In this study, postweaning calves were held for approximately 5 wk and observed for natural cases of acute respiratory disease. The purpose was 4-fold: (1) to detect the presence of persistent BVDV infection in calves and determine its role in BVDV transmission; (2) to determine the susceptibility of seronegative calves to BVDV infection; (3) to determine the presence of BVDV in BRD cases by virus isolation and, or, seroconversion; and (4) to determine the BVDV1 subtype involved in BRD cases.

Materials and methods

Cattle

The cattle were involved in 2 studies to determine factors associated with acute respiratory disease in young (postweaning) beef cattle. In both the 1999 study and the 2000 study, cattle were purchased from local auctions in eastern Tennessee and transported to a nearby order buyer's (OB) pens.

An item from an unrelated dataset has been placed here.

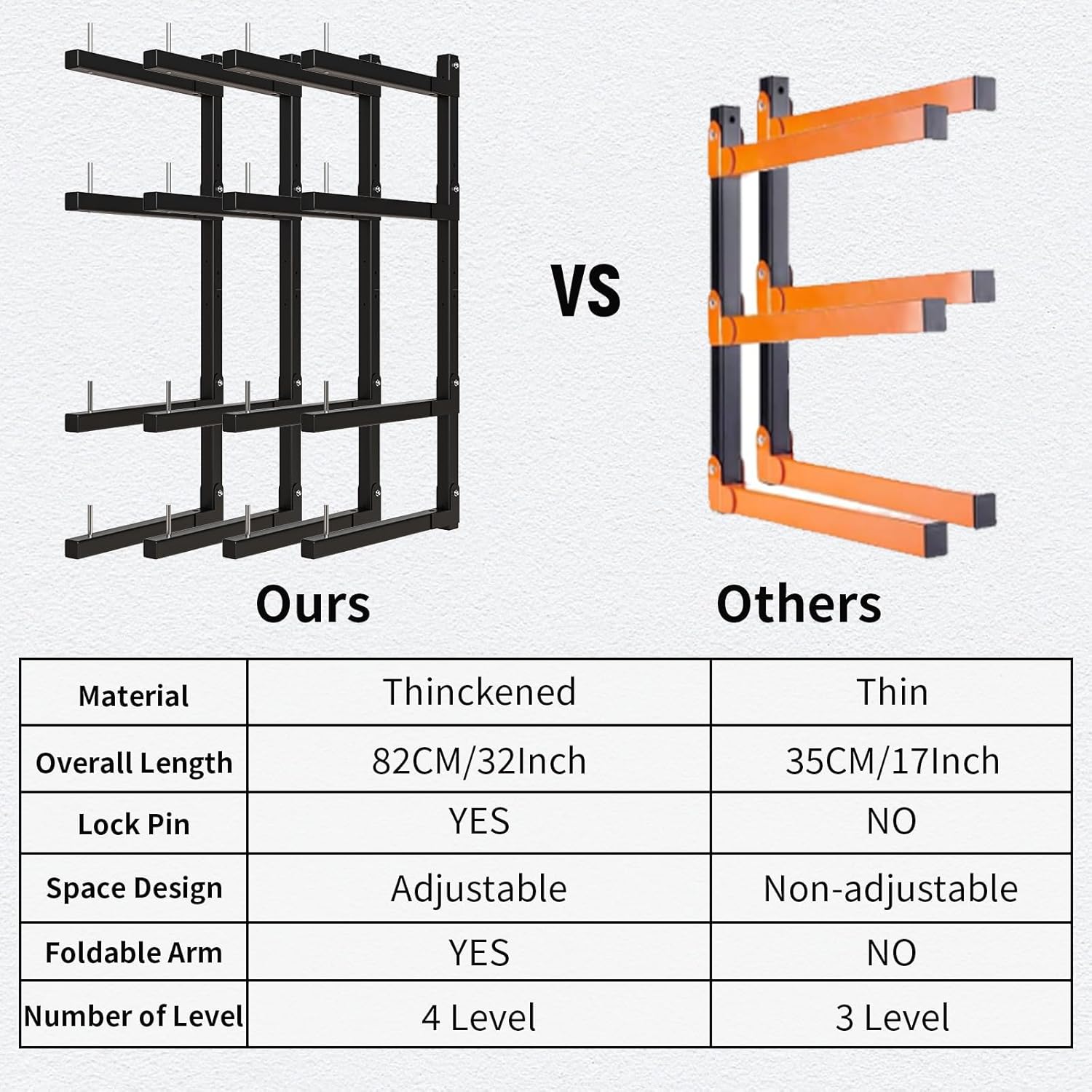 - VERSATILE ADJUSTABLE LUMBER RACK: Customize shelf heights to fit store skis, pipes, surfboards, tools, golf clubs, or lumber – all in one space-saving rack! Includes anti-slip locking pins to Prevent items from slipping.
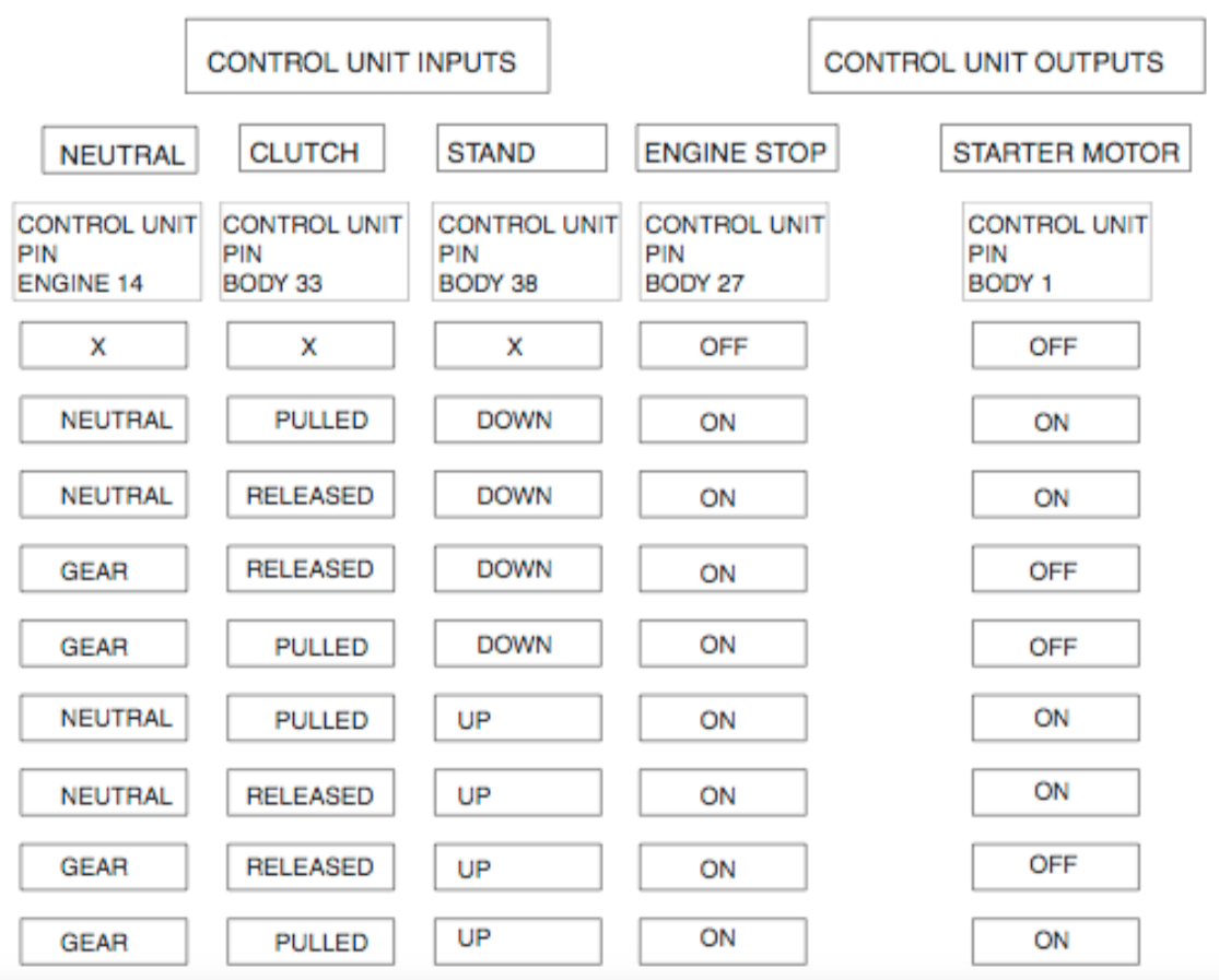5. Not correct. The red/white wire to the starter solenoid is ignition switched 12V. The red/black wire to the solenoid provides a ground energising the solenoid when the button is pressed. This ground is provided by the ECU as long as the conditions with regard to neutral, side stand and clutch switch are met.

There they received their initial treatments and vaccinations, and samples were collected, including nasal swabs for virus isolation, EDTA blood for isolation of virus from peripheral blood leukocytes (PBLs), and clotted blood samples for viral serologic testing (20). On day 0 of both studies, the calves received anthelmintic, monovalent BHV-1 modified-live virus (MLV) vaccine, and clostridial vaccine, as previously described (20). The calves were then shipped via semi-trailer truck to research feedyards: in Clayton, New Mexico, for the 1999 study and in Bushland, Texas, for the 2000 study. Samples were collected as described above at weekly intervals until the final day of each study: in the 1999 study, day 33; and in the 2000 study, day 32. The isolation and transmission of Mannheimia haemolytica and Pasteurella multocida, primary causes of bacterial pneumonias in BRD, are the subjects of other investigations.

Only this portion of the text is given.